*Given data*.
-- Opening Marker --

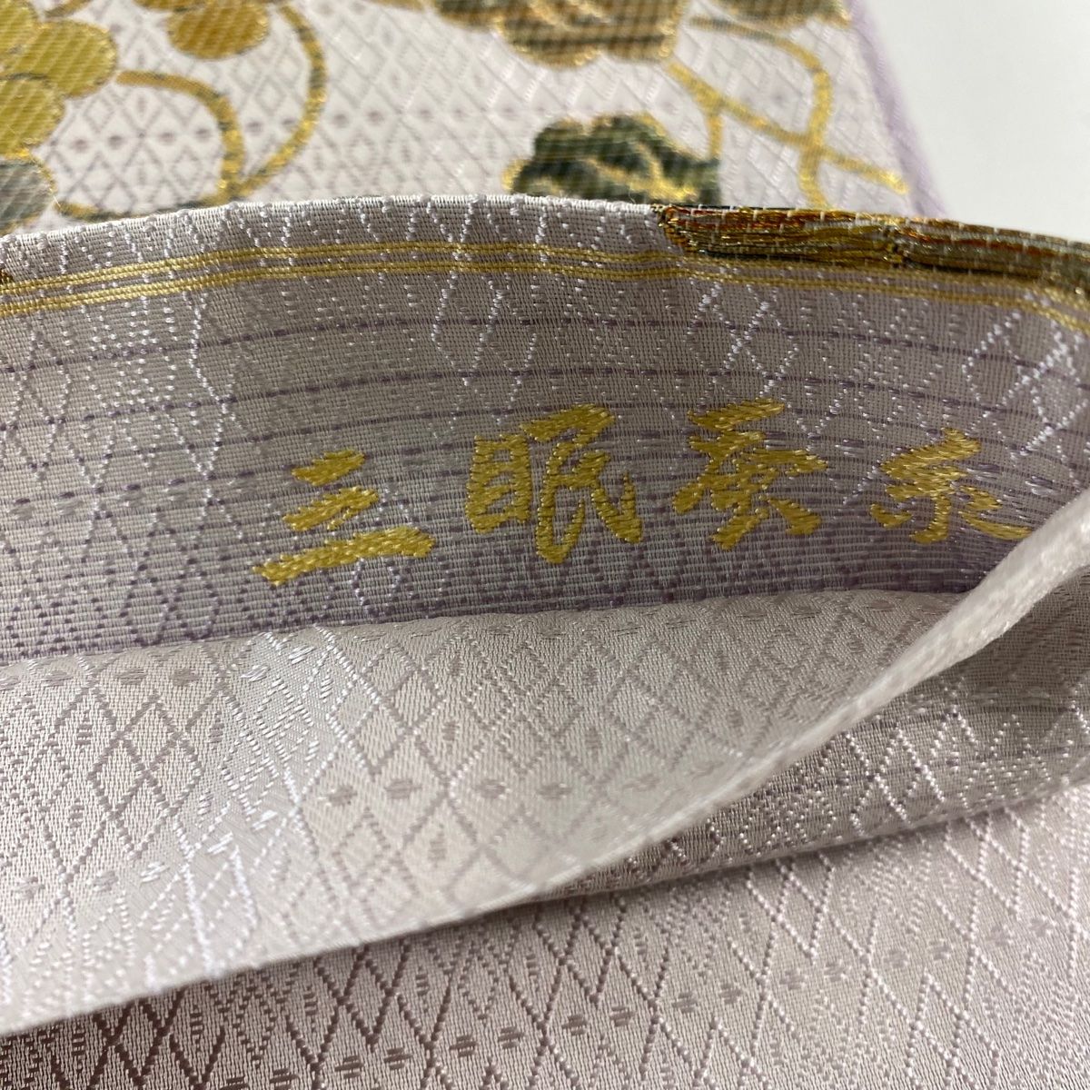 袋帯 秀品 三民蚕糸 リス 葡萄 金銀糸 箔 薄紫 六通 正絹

-- Closing Marker --
-- Opening Marker --

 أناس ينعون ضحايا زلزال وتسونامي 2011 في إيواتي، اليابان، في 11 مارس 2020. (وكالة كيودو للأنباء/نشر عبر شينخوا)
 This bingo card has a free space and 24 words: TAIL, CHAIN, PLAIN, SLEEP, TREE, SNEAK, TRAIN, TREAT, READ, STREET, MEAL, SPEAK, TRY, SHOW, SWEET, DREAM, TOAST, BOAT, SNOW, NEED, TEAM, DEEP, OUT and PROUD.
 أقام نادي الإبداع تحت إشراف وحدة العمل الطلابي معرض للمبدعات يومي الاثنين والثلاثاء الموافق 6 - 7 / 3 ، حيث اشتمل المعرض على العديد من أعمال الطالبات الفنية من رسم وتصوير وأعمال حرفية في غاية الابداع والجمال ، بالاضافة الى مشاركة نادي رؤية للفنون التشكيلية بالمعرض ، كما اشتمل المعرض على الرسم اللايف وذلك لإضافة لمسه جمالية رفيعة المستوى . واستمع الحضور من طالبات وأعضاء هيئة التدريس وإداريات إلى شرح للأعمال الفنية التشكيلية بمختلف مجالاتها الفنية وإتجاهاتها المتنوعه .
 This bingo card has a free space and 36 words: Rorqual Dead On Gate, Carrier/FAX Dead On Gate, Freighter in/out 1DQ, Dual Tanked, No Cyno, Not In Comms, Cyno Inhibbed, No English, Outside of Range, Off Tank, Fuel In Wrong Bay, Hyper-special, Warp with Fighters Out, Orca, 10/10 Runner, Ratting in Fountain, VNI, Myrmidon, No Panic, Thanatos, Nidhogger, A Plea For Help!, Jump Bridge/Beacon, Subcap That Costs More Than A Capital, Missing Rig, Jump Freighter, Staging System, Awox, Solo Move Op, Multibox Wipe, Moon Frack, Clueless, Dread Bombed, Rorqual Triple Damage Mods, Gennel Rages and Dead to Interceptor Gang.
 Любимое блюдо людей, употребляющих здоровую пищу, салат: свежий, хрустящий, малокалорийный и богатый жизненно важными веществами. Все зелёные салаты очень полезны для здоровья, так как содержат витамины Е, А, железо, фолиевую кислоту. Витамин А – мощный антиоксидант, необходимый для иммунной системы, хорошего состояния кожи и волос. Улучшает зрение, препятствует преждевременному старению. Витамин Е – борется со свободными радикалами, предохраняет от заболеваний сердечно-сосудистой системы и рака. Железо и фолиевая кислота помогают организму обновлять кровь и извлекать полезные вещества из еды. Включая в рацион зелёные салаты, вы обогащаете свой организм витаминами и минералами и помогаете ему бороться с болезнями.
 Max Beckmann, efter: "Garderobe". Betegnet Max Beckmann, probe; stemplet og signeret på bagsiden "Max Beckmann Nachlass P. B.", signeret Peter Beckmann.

-- Closing Marker --
-- Opening Marker --

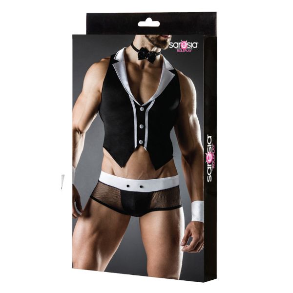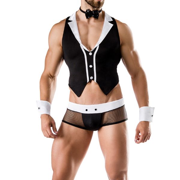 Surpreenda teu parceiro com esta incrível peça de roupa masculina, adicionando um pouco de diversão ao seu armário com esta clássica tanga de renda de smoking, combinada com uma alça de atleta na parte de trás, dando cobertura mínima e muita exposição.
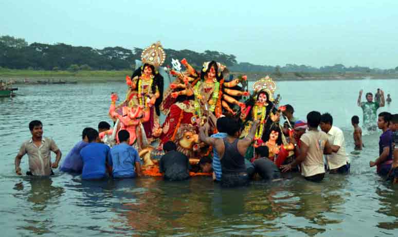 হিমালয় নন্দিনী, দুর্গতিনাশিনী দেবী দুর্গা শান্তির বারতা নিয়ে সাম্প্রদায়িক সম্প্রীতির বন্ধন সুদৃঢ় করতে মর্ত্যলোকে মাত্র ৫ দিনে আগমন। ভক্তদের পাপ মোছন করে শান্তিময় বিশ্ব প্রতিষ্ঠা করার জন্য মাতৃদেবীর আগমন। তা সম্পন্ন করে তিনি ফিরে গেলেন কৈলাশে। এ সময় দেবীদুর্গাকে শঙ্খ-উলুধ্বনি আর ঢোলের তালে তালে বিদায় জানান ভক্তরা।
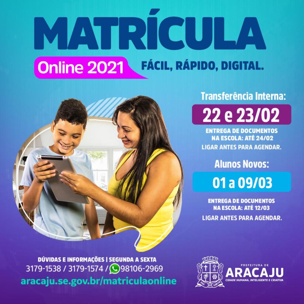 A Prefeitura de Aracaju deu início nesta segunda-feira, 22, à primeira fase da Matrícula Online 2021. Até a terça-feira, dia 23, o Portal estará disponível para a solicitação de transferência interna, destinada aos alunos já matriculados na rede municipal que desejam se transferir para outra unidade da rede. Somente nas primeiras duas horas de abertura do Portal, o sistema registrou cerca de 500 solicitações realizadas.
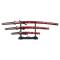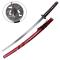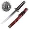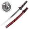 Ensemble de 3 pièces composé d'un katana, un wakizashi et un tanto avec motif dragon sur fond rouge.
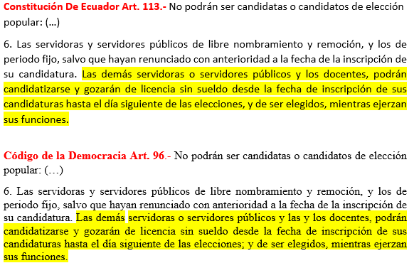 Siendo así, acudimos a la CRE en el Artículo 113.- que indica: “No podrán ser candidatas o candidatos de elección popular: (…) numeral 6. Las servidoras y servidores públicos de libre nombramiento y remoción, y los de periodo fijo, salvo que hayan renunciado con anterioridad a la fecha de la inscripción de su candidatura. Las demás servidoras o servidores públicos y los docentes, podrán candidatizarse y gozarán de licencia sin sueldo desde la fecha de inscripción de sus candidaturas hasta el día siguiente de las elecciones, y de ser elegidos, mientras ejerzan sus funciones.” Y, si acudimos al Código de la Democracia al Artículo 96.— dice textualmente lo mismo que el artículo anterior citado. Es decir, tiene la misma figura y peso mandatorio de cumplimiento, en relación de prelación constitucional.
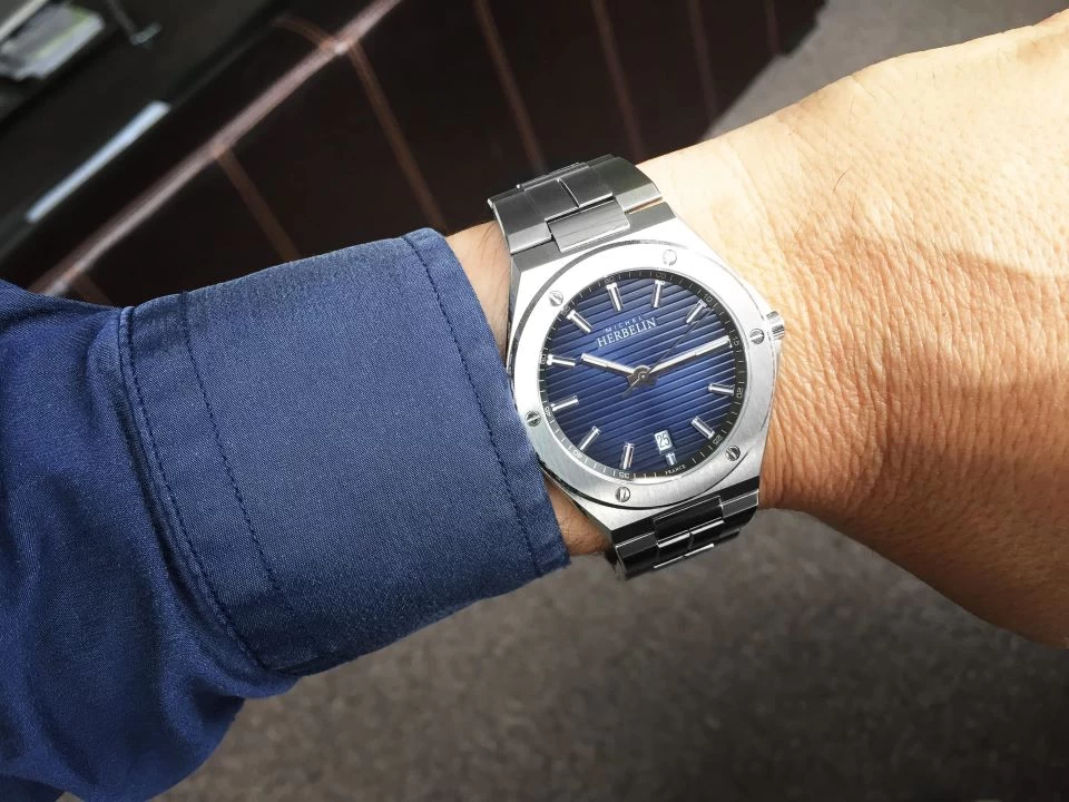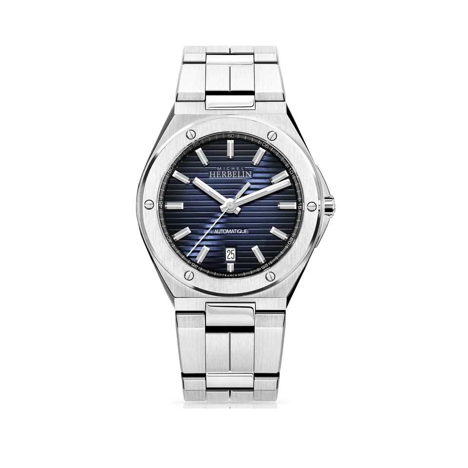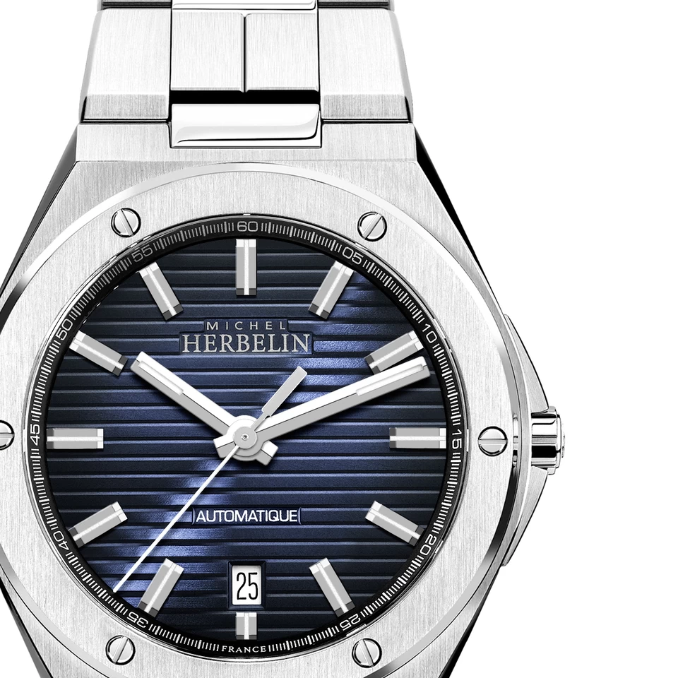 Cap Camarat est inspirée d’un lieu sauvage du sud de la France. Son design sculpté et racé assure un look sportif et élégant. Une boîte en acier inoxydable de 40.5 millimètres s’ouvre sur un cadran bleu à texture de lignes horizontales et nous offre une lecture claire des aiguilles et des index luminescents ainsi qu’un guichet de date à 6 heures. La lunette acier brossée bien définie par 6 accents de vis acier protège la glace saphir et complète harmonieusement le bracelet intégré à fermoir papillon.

-- Closing Marker --

*How to complete this task*. Every line of the entries above that holds "card" should be copied out.

*Written response*.
 This bingo card has a free space and 24 words: TAIL, CHAIN, PLAIN, SLEEP, TREE, SNEAK, TRAIN, TREAT, READ, STREET, MEAL, SPEAK, TRY, SHOW, SWEET, DREAM, TOAST, BOAT, SNOW, NEED, TEAM, DEEP, OUT and PROUD.
 This bingo card has a free space and 36 words: Rorqual Dead On Gate, Carrier/FAX Dead On Gate, Freighter in/out 1DQ, Dual Tanked, No Cyno, Not In Comms, Cyno Inhibbed, No English, Outside of Range, Off Tank, Fuel In Wrong Bay, Hyper-special, Warp with Fighters Out, Orca, 10/10 Runner, Ratting in Fountain, VNI, Myrmidon, No Panic, Thanatos, Nidhogger, A Plea For Help!, Jump Bridge/Beacon, Subcap That Costs More Than A Capital, Missing Rig, Jump Freighter, Staging System, Awox, Solo Move Op, Multibox Wipe, Moon Frack, Clueless, Dread Bombed, Rorqual Triple Damage Mods, Gennel Rages and Dead to Interceptor Gang.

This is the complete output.